In recent years, there has been a remarkable reduction in the size of processing patterns used in semiconductor ICs, data storage media including hard disks, micro-machines, and other fields. Processing technologies, such as deposition and etching, used in these fields now require relatively broad irradiating energy beams such as high-density neutral particle beams or ion beams having high collimation (good directivity). The inventors of the present invention and others have already disclosed beam sources having the following constructions for such applications.
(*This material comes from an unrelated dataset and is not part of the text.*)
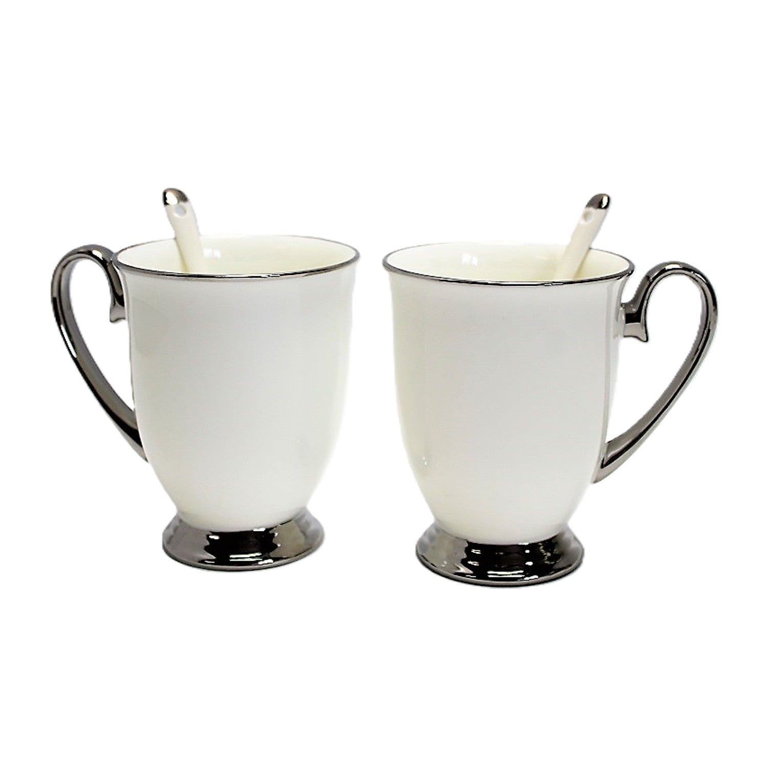 Fehér bögrék 2db krómozott fogantyú, teáskanál, porcelán, Elegáns, Queen Isabel

The first type of beam source comprises a discharge tube, a gas feed nozzle disposed upstream from the discharge tube for supplying gas therein, a beam-emitting electrode formed with a plurality of apertures and disposed on the downstream end of the discharge tube, and a plurality of electrodes disposed within the discharge tube. By applying a combination of different voltages to these electrodes, including a radio-frequency (RF) voltage, direct-current voltage, and ground voltage and by varying the type of gas introduced into the discharge tube, the beam source can generate different energy-level beams of differing types, such as positive ions, negative ions, neutral particles, radicals, and the like. A beam source of this construction is relatively compact and can be mounted on a manipulator to irradiate a beam onto a desired target in order to perform such localized processes on the target as deposition, etching, adhesion, bonding, and the like.
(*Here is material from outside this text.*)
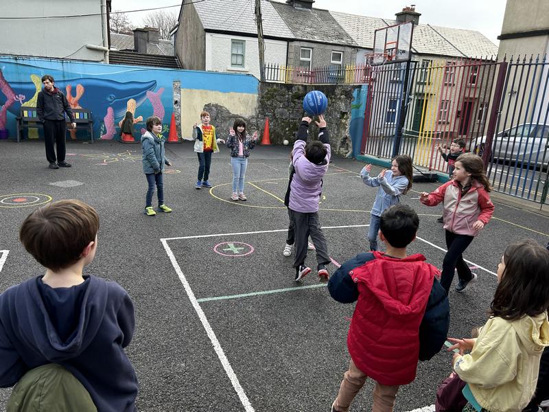 ⛹️Hail, rain or snow – basketball coaching goes ahead with Jake every Monday! Great basketball skills on display – maith sibh gach duine and go raibh mile Jake! #ActiveSchool #CitySchool #HeartOfGalway

The second beam source is configured as the first with a nozzle disposed upstream from a cylindrical discharge tube for introducing gas therein, and a beam-emitting electrode (cathode) disposed downstream and formed with a plurality of apertures. This beam source also comprises an anode disposed in the discharge tube on the upstream end, a mechanism for applying a DC voltage across the anode and cathode, and an inductively coupled plasma-generating mechanism for converting gas in the discharge tube between these electrodes into plasma. A neutral particle beam source having this construction can generate high-density plasma from gas introduced into the discharge tube according to the inductively coupled high-frequency plasma-generating mechanism and can accelerate positive ions in the plasma on the cathode side using the two parallel electrodes. Charge exchange takes place in high-speed atom emission holes formed in the cathode on the downstream end, resulting in the emission of a neutral particle beam.
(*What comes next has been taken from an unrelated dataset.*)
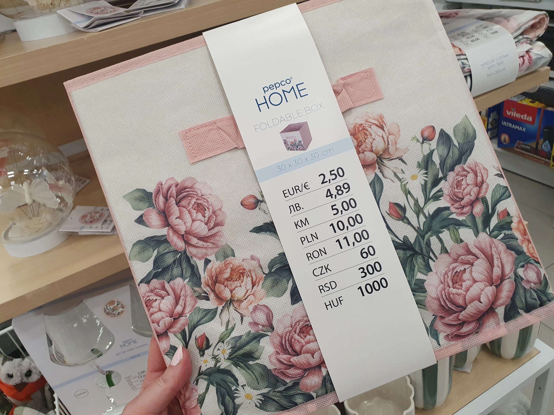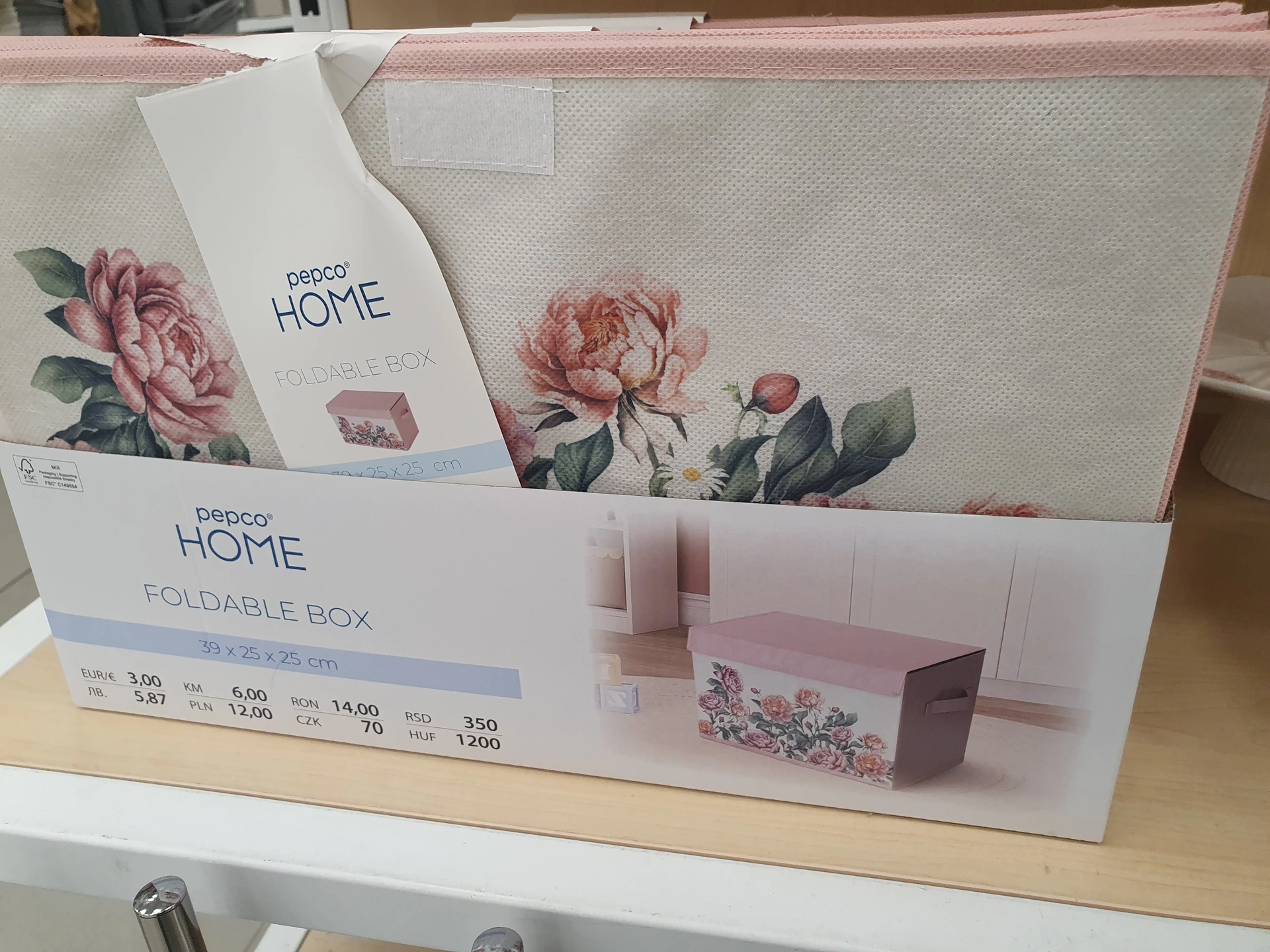 Pro uložení nejrůznějších věcí skvěle poslouží látkové skládací boxy, které v případě, kdy je nebudete využívat, můžete složit do placky. Větší z boxů je opatřený víkem ve světle růžové barvě, která ladí s květinovým vzorem na boxech. Jde o růžové pivoňky z kolekce, která se v obchodech objevila v lednu.

Unlike the above-described direct-current discharge beam source, this neutral particle beam source is provided with a plasma-generating section and an accelerating voltage section capable of generating high-density plasma at a low energy. Since a desired voltage from a low to a high voltage can be applied across the two electrodes, the beam source can generate a neutral particle beam at a desired energy level from a low energy to a high energy. Since the anode and cathode are disposed parallel to each other it is possible to generate a neutral particle beam with good directivity (collimation) and having a relatively high neutralization rate by controlling the length of the high-speed atom emission holes.
However, the above-described beam sources have not always been sufficient for forming high-density plasma and for efficiently extracting from this plasma an energy beam, such as an ion beam or neutral particle beam, having high directivity and high density.